* **INPUT FOR THIS TASK**
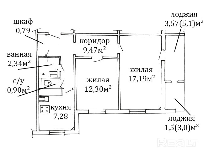 Удачная планировка: просторная кухня и редкое преимущество — большая двойная лоджия.
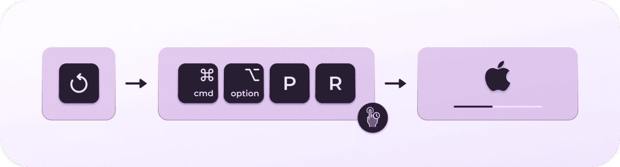 - Press the power button and the Command+Option+P+R keys.
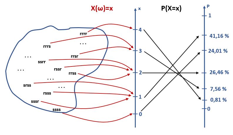 Mit Hilfe der Lapace-Wahrscheinlichkeiten und Mitteln der Kombinatorik kann für jeden Wert der Zufallsgröße X die zugehörige Wahrscheinlichkeit
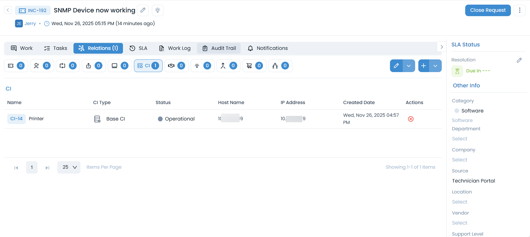 - Check the Relations tab of the incident to confirm that a CI has been automatically linked.
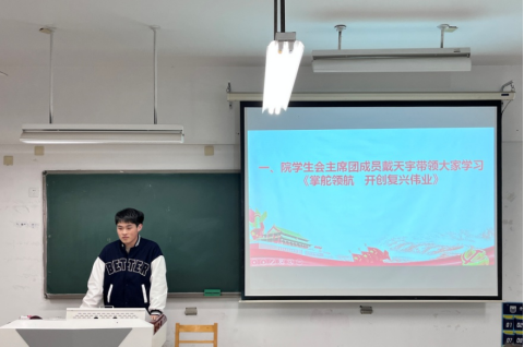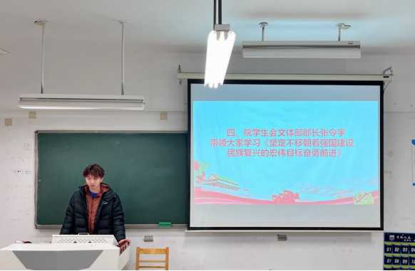 文体部部长张令宇带领大家学习《坚定不移朝着强国建设、民族复兴的宏伟目标奋勇前进》,强调我们要增强历史主动、发扬斗争精神,打开事业发展新天地,牢记高质量发展是全面建设社会主义现代化国家的首要任务。
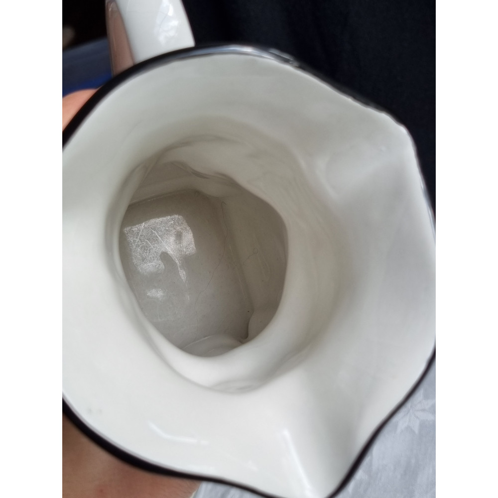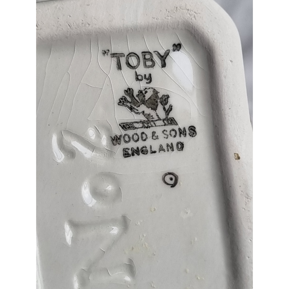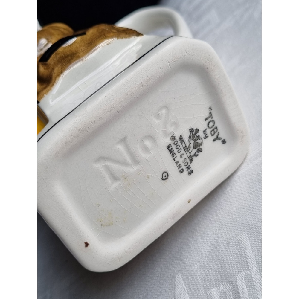 Denne vintage Toby-kannen fra Wood & Sons har et håndmalt flerfarget design i porselenet med glasert overflate. Men en høyde på over 15 cm (ca 15,4 cm), er den godt egnet for å brukes som en fløtemugge eller mugge til alle anledninger. Kannen er en del av Toby Jugs-kolleksjonen og har et mennesketema, med modellnavnet Jug Mug. Denne lille koppen er laget i Storbritannia og er perfekt for samlere av dekorative gjenstander. Den er et fint tillegg til enhver samling av skulpturer og figurer, og vil garantert være en samtalestarter. Bruk den til å servere fløte eller melk, og nyt det unike Toby Jug-designet.
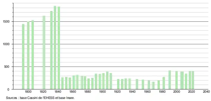 L'évolution du nombre d'habitants est connue à travers les recensements de la population effectués dans la commune depuis 1793. Pour les communes de moins de 10 000 habitants, une enquête de recensement portant sur toute la population est réalisée tous les cinq ans, les populations légales des années intermédiaires étant quant à elles estimées par interpolation ou extrapolation[23]. Pour la commune, le premier recensement exhaustif entrant dans le cadre du nouveau dispositif a été réalisé en 2007[24].
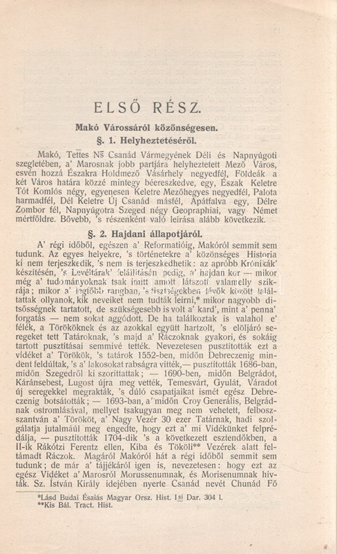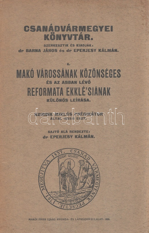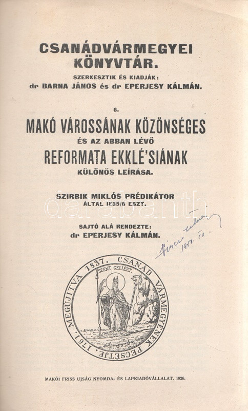 Szirbik Miklós: Makó várossának közönséges és az abban lévő reformata ekklé'siának különös leírása. Szirbik Miklós prédikátor által 1835/6 eszt[endőben]. Sajtó alá rendezte: Eperjesi Kálmán. Makó, 1926. Makói Friss Ujság Nyomda- és Lapkiadóvállalat. 1 t. (címképen a szerző hártyapapírral védett portréja) + 104 p. Egyetlen kiadás. Szirbik Miklós (1781-1853) makói református lelkész helytörténeti és egyháztörténeti dolgozata társadalomtörténeti szempontból is forrásértékűnek mondható dokumentumokat közöl, oldalszámozáson belül a város térképvázlatával. Példányunk fűzése meggyengült. Fűzve, Csanád vármegye címerével illusztrált, sérült kiadói borítóban, gerinc nélkül, a fedőborítók elváltak a könyvtesttől. Nagyrészt felvágatlan példány.
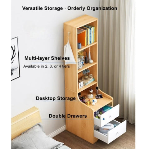 This modern minimalist bookcase bedside table features a pure warm white design, combining storage, display, and decorative functions. The upper section has four open storage shelves for placing books, decorative items, photo frames, and other objects, showcasing personal taste and style. The bottom section features two spacious drawers with matching round knobs, providing ample private storage space. The elegant curved side design adds a soft touch, and the top includes a hook for hanging bags, tapestries, or other items. This slim tall cabinet design doesn't take up much space, making it especially suitable for small bedrooms, serving as the perfect combination of bookshelf, display cabinet, and bedside table, both practical and decorative.
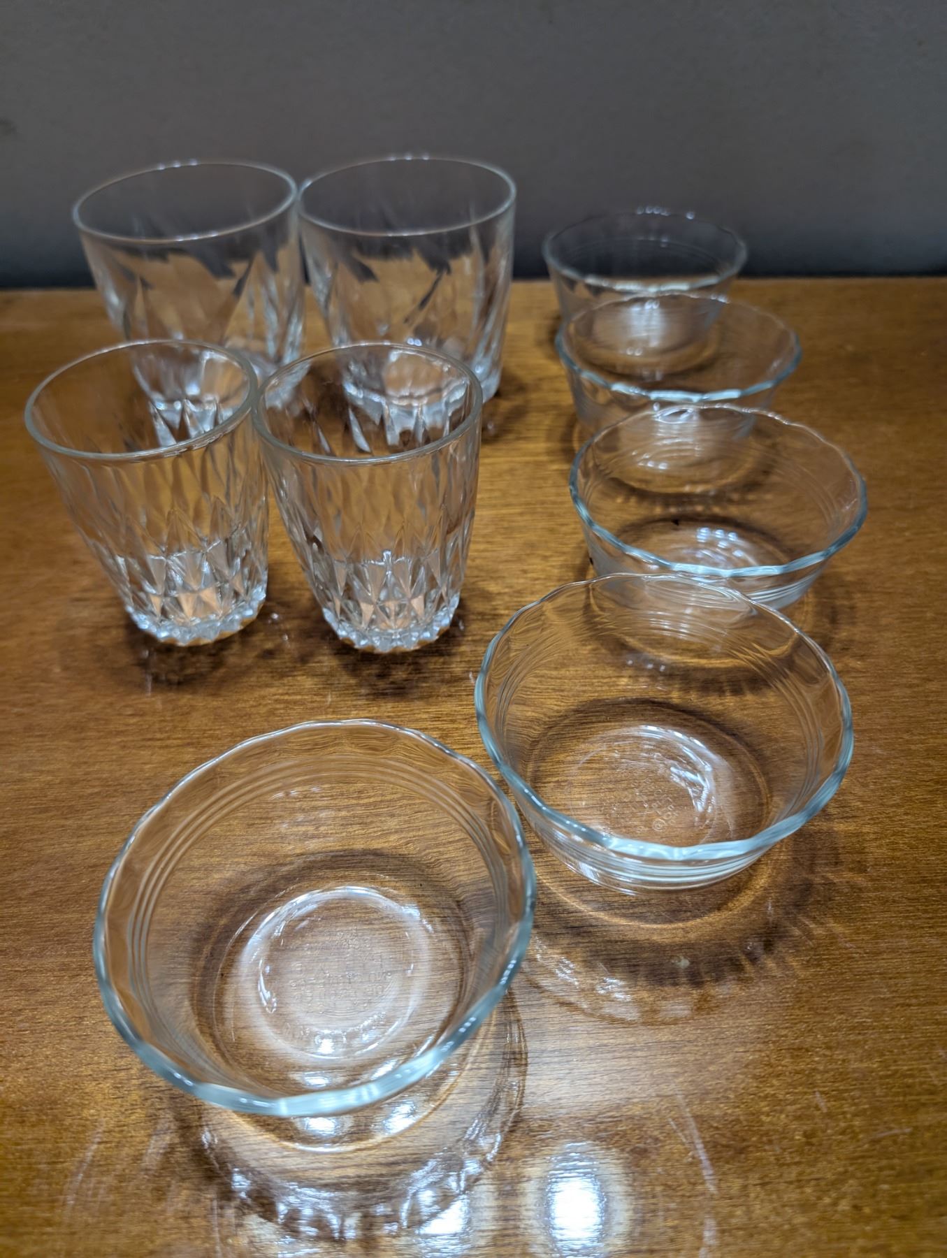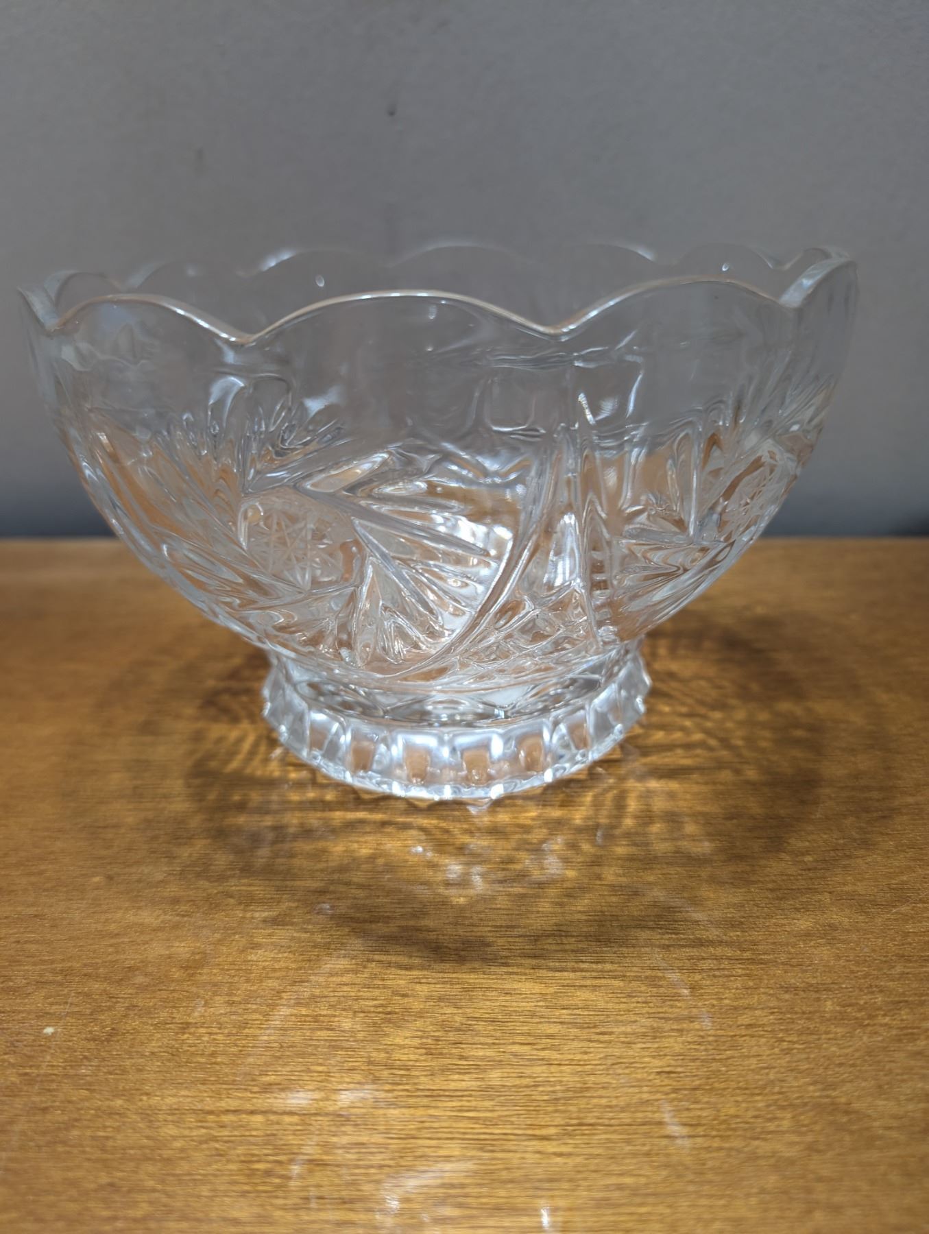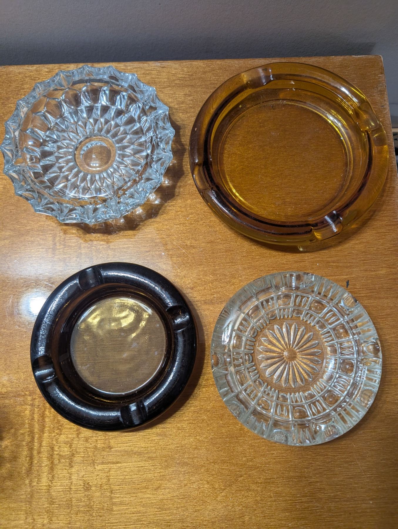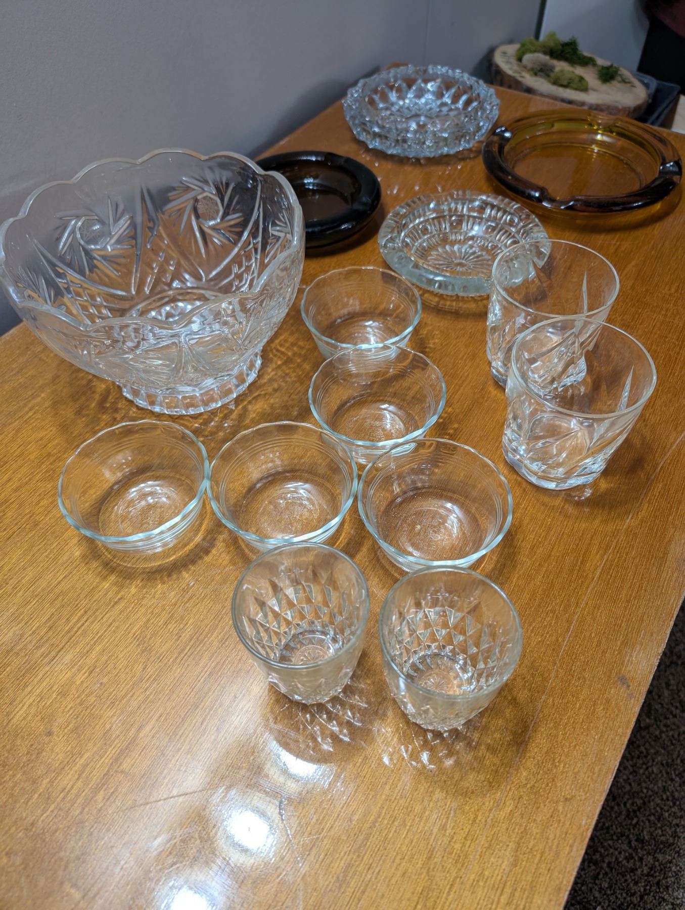 Assorted Glassware. Ashtrays, pinwheel crystal bowl, glasses and fruit nappies.

* **WHAT IS EXPECTED**
Leave the pictures out and print every record exactly.

* **YOUR SOLUTION**
 Удачная планировка: просторная кухня и редкое преимущество — большая двойная лоджия.
 - Press the power button and the Command+Option+P+R keys.
 Mit Hilfe der Lapace-Wahrscheinlichkeiten und Mitteln der Kombinatorik kann für jeden Wert der Zufallsgröße X die zugehörige Wahrscheinlichkeit
 - Check the Relations tab of the incident to confirm that a CI has been automatically linked.
 文体部部长张令宇带领大家学习《坚定不移朝着强国建设、民族复兴的宏伟目标奋勇前进》,强调我们要增强历史主动、发扬斗争精神,打开事业发展新天地,牢记高质量发展是全面建设社会主义现代化国家的首要任务。
 Denne vintage Toby-kannen fra Wood & Sons har et håndmalt flerfarget design i porselenet med glasert overflate. Men en høyde på over 15 cm (ca 15,4 cm), er den godt egnet for å brukes som en fløtemugge eller mugge til alle anledninger. Kannen er en del av Toby Jugs-kolleksjonen og har et mennesketema, med modellnavnet Jug Mug. Denne lille koppen er laget i Storbritannia og er perfekt for samlere av dekorative gjenstander. Den er et fint tillegg til enhver samling av skulpturer og figurer, og vil garantert være en samtalestarter. Bruk den til å servere fløte eller melk, og nyt det unike Toby Jug-designet.
 L'évolution du nombre d'habitants est connue à travers les recensements de la population effectués dans la commune depuis 1793. Pour les communes de moins de 10 000 habitants, une enquête de recensement portant sur toute la population est réalisée tous les cinq ans, les populations légales des années intermédiaires étant quant à elles estimées par interpolation ou extrapolation[23]. Pour la commune, le premier recensement exhaustif entrant dans le cadre du nouveau dispositif a été réalisé en 2007[24].
 Szirbik Miklós: Makó várossának közönséges és az abban lévő reformata ekklé'siának különös leírása. Szirbik Miklós prédikátor által 1835/6 eszt[endőben]. Sajtó alá rendezte: Eperjesi Kálmán. Makó, 1926. Makói Friss Ujság Nyomda- és Lapkiadóvállalat. 1 t. (címképen a szerző hártyapapírral védett portréja) + 104 p. Egyetlen kiadás. Szirbik Miklós (1781-1853) makói református lelkész helytörténeti és egyháztörténeti dolgozata társadalomtörténeti szempontból is forrásértékűnek mondható dokumentumokat közöl, oldalszámozáson belül a város térképvázlatával. Példányunk fűzése meggyengült. Fűzve, Csanád vármegye címerével illusztrált, sérült kiadói borítóban, gerinc nélkül, a fedőborítók elváltak a könyvtesttől. Nagyrészt felvágatlan példány.
 This modern minimalist bookcase bedside table features a pure warm white design, combining storage, display, and decorative functions. The upper section has four open storage shelves for placing books, decorative items, photo frames, and other objects, showcasing personal taste and style. The bottom section features two spacious drawers with matching round knobs, providing ample private storage space. The elegant curved side design adds a soft touch, and the top includes a hook for hanging bags, tapestries, or other items. This slim tall cabinet design doesn't take up much space, making it especially suitable for small bedrooms, serving as the perfect combination of bookshelf, display cabinet, and bedside table, both practical and decorative.
 Assorted Glassware. Ashtrays, pinwheel crystal bowl, glasses and fruit nappies.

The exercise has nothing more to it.